This document is posted to help you gain knowledge. Please leave a comment to let me know what you think about it! Share it to your friends and learn new things together.
Transcript
PENGARUH DIET HIPERTENSI PADA LANSIA TERHADAP
PERUBAHAN PERILAKU DI DESA KUCUR DUSUN
KLASEMAN RW 09 KECAMATAN DAU
KABUPATEN MALANG
Untuk Memenuhi Tugas Kelompok Profesi Gerontologi
Oleh :
Kelompok IV
PSIK B
2013
PROGRAM STUDI ILMU KEPERAWATAN
FAKULTAS KEDOKTERAN
UNIVERSITAS BRAWIJAYA
MALANG
2013
BAB 1
PENDAHULUAN
1.1. LATAR BELAKANG
Lansia adalah proses yang mengubah seseorang dewasa sehat menjadi
seseorang yang frail dengan berkurangnya sebagian besar cadangan sistem
fisiologis dan meningkatnya kerentanan terhadap berbagai penyakit dan
kematian. Seiring dengan bertambahnya usia, terjadi berbagai perubahan
fisiologis yang tidak hanya berpengaruh terhadap penampilan fisis, namun juga
terhadap fungsi dan tanggapannya pada kehidupan sehari-hari (Stanley, 2006).
Menurut Hawari (2007) lansia bukan merupakan suatu penyakit, namun
merupakan tahap lanjut dari suatu proses kehidupan yang sering disebut sebagai
proses penuaan atau ‘’senescene” dalam bahasa latinnya. Proses menua atau
’senescene” memiliki arti tumbuh menjadi tua dan merupakan suatu siklus
kehidupan yang ditandai dengan tahap-tahap menurunnya berbagai fungsi organ
tubuh.
Penurunan berbagai organ, fungsi, dan sistem tubuh yang terjadi pada
lansia dapat bersifat alamiah/fisiologi dan juga bersifat patologis. Perubahan
fisiologis meliputi penurunan, fungsi immunitas, fungsi pengindraan, fungsi
pendengaran, fungsi pencernaan, fungsi perkemihan, fungsi muskuloskeletal,
fungsi kardiovaskuler, dan lain-lain. Penurunan fungsi tersebut disebabkan
berkurangnnya jumlah dan kemampuan sel tubuh (Pudjiastuti, 2003). Beberapa
penurunan fungsi yang terjadi pada lansia, yang perlu menjadi perhatian adalah
sistem kardiovaskuler, karena jumlah lansia yang menderita penyakit akibat
penurunan fungsi kardiovaskuler masih dalam jumlah yang banyak. Perubahan
sistem kardiovaskuker meliputi perubahan struktur dan mekanik dan atau fungsi
dari dinding pembuluh darah, sehingga mengakibatkan penebalan dinding
dengan peningkatan kekakuan, lumen yang melebar dan kemudian diikuti
dengan penurunan vascular compliance. Dampak dari perubahan pada
pembuluh darah tersebut mengakibatkan peningkatan tekanan darah (hipertensi)

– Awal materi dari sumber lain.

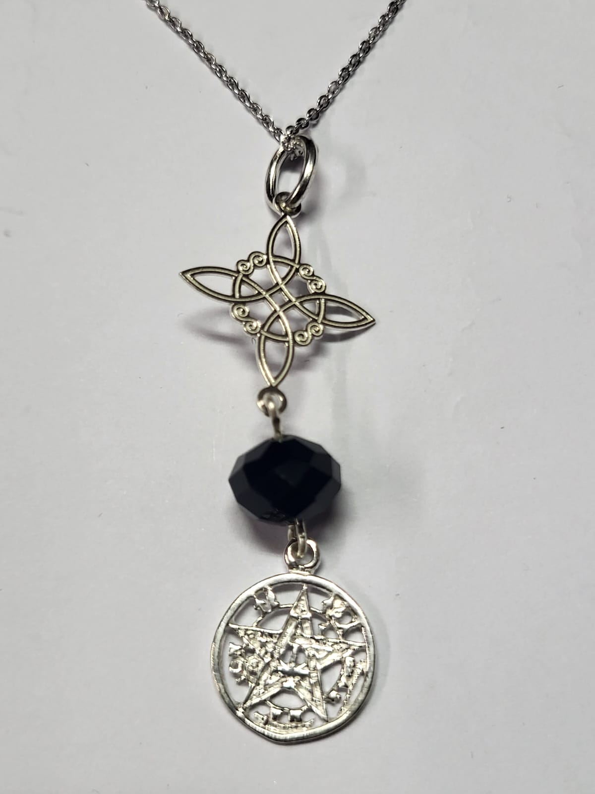 Colgante protección de Nudo de Brujas, Onix y Tetragramatón en plata de ley 925. 60mm. (Precio sin cadena)
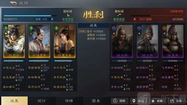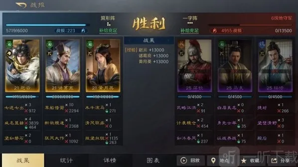 依靠赵云和诸葛亮的反击能力,搭配刘备持续稳定的治疗能力,在多回合的战斗中始终保持接近满兵力并结束战斗。

dan penumpukan plak aterosklerosis yang berdampak pada penyakit
kardiovaskuler lainnya seperti penyakit jantung koroner, infark jantung, stroke
dan penyakit pembuluh darah. (Lakatta & Levy, 2003; Klatz & Goldman, 2003;
Najjar et al., 2005; Jani & Rajkumar, 2006; Nilson, 2008).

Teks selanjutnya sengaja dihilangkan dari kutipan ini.